Evidence for Senescent Cells to Contribute to Osteoarthritis

One way to demonstrate that senescent cells, whose numbers grow with age, do in fact contribute meaningfully to age-related disease despite making up only a small proportion of tissues, is to add more of them to an animal model via a cell transplant and then see what happens. Researchers here take that approach to show that senescent cells are one of the contributing causes of osteoarthritis. Various studies place the proportion of senescent cells in different tissues in older individuals of different species in a large range from 1% to as much as 20%, with lower numbers being more common. These cells secrete a mix of signals that cause inflammation and changes in the operation of surrounding cells and the structure of the nearby extracellular matrix. At present a couple of startup companies are working on the clinical development of means to clear senescent cells from the body, one of the first forms of rejuvenation therapy to reverse a root cause of aging, so we'll be seeing more of this sort of research in the next few years.
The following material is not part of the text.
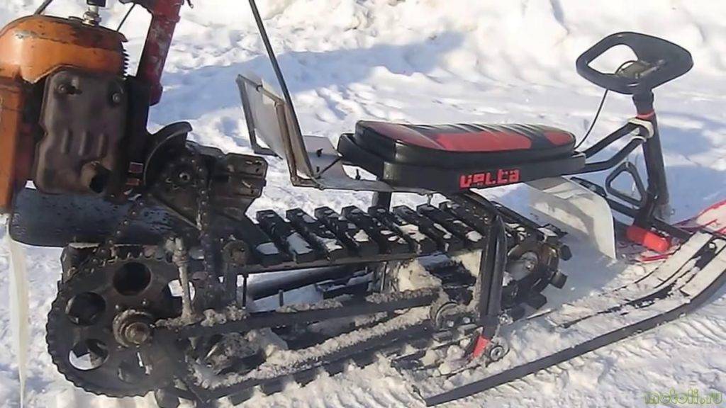 Система управления основана на движении опорных рычагов посредством двуручного руля. Можно воспользоваться рулем от старого велосипеда. Цепная передача — из двух ступеней. Первая – с большой ведомой звездочкой, вторая ступень – с ведущей звездочкой. Дополнительно в целях безопасности оснащают снегоход из бензопилы фарами, различными ограничителями.

Researchers have reported a causal link between senescent cells - cells that accumulate with age and contribute to frailty and disease - and osteoarthritis in mice. "Osteoarthritis has previously been associated with the accumulation of senescent cells in or near the joints, however, this is the first time there has been evidence of a causal link. Additionally, we have developed a new senescent cell transplantation model that allows us to test whether clearing senescent cells alleviates or delays osteoarthritis."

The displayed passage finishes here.